Последнего клиента «принимаем» у ларька на Чернышевской, куда заехали за кефиром. Паренёк сам стучится в окно уазика, нечленораздельно говорит, что дал кому-то пинка на слабо. Ларин подхватывает: «Да-да, нам только что пожаловались. Садись в машину, быстренько проверим тебя и домой пойдёшь».

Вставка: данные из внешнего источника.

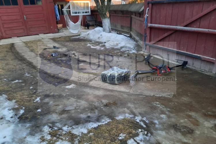 O dronă care transporta țigări de contrabandă a aterizat joi, 10 februarie, în curtea unei femei din județul Suceava. Speriată, femeia a sunat la 112.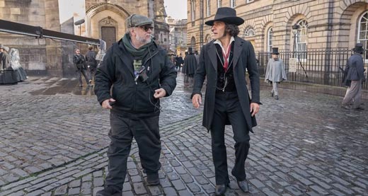 Guillermo del Toro (trái) và Oscar Isaac trên trường quay Frankenstein

Удивительно, как много люди готовы рассказать, услышав от милиционера доброе слово. Парня зовут Ярослав, он закончил политех, живёт там-то, прописан там-то, присмотрел работу в такой-то фирме, отмечает день рождения друга имярек, сидят в скверике на лавочке, столько-то человек, пьют такие-то напитки. Исповедавшись, Ярослав замечает, что машина едет. Хлопает совершенно пьяными глазами, улыбается: «Мужики, вы чё, мы куда?» Уже на подъезде к СПМ выясняется, что пинка он никому не давал. Компания играла в фанты. Ему выпало «приколоться над ментами». «Ничего-ничего, выходи, там во всём разберутся», – ласково обещает Николай. Улыбка Ярослава затухает: «Ребят, а вы меня назад-то довезёте?»
P. S.
Дорога к зоне патрулирования на Кумысной поляне. Едем на служебной «семёрке». Обгоняем мальчика лет десяти. Майор Сидоров выходит, зовёт ребёнка, предлагает подвезти. Мальчишка садится в машину. Рассказывает, что живёт с мамой, папы нет, но есть «дядя» и ещё старшая сестра, идёт из дома в лагерь, мама разрешает. «Мама не говорила, что опасно садиться в машину к незнакомым людям?»–строго спрашивает майор. «Я и не сажусь»,–отвечает мальчик. «А что же ты сейчас делаешь?»–и пацанёнок отвечает роскошным комплиментом: «Так менты же».